In my view, as a practical matter, it is often unwise for a court in a criminal case, where so much is at stake, to give the jury an ironclad commitment as to the precise day on which a trial will end. In any event, it is clear, as the Court of Appeals has taught, that considerations of the convenience of the jurors or of anyone else must yield to the fundamental rights of an accused at a criminal trial (see People v Foy, supra). Because I believe that, in the highly unusual circumstances of this case, the defendant’s fundamental rights were compromised for no reason other than to avoid the mere possibility of inconvenience to the jurors, my vote is to reverse and to order a new trial (see People v Walker, 28 AD3d 1116 [2006], amended upon rearg 31 AD3d 1226 [2006]).

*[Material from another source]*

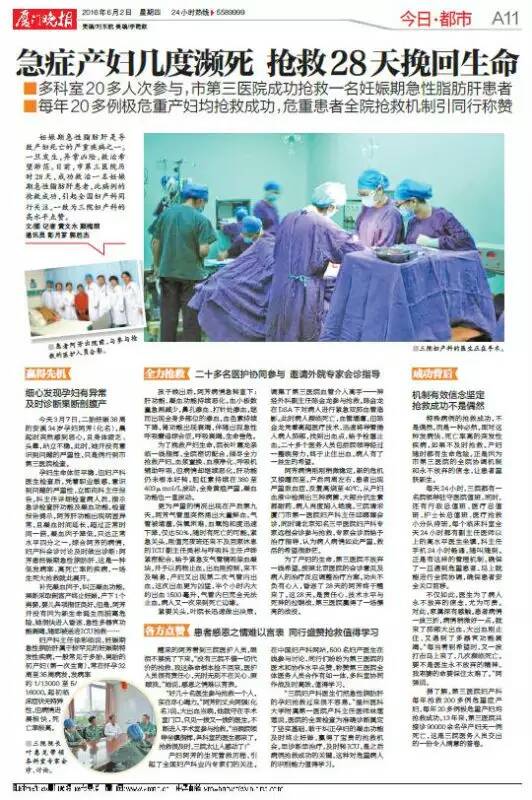特殊病例的抢救成功,不是偶然的,而是一种必然。面对这种发病快、死亡率高的突发性疾病,如果不及时抢救,产妇随时都有生命危险。正是因为市第三医院的全院协调机制和永不放弃的信念,让患者重获新生。每天24小时,三院都有一位院领导驻守医院值班,同时,还有行政总值班、医疗总值班、护士长总值班、医疗抢救小分队待班。每个临床科室全天24小时都有副主任医师以上的高水平医生坐镇,科主任手机24小时畅通,随叫随到。正是有这样的管理机制,确保了一旦遇到危重患者,马上就能进行全院协调,确保患者安全关口前移。不仅如此,医生为了病人,永不放弃的信念,尤为可贵。阿芳的病情一波三折,病情稍微好一点,就来了肺部大出血,大出血刚止住,又遇到了多器官功能衰竭。“每看到一点希望时,又一波打击来了,几次濒临死亡,要不是医生永不放弃的精神,我老婆的命要保住太难了。”患者丈夫阿强说。

The People argue, inter alia, that the denial of a continuance to find Bailey could not be the basis of reversal because the defendant had no constitutional right to call a witness knowing that she would commit perjury. In support of that argument, the People point to the fact that, at his sentencing, upon inquiry by the court, the defendant stated that, on the day of the robbery, he had left his house at approximately 4:45 P.M. to go to his work as a night security guard, but was apparently sent away because he arrived late. While this unsworn statement arguably contradicts at least part of his sister’s alibi testimony, it hardly had the effect of conclusively disproving the alibi or rendering perjurious Bailey’s sworn testimony that the defendant was back home when she saw him there between 6:20 and 7:10 P.M. that evening. In any event, the defendant’s post-conviction statement, even if seen as tending to disprove his alibi, cannot serve to justify, after the fact, the trial court’s denial of his request for a one-day continuance of the trial.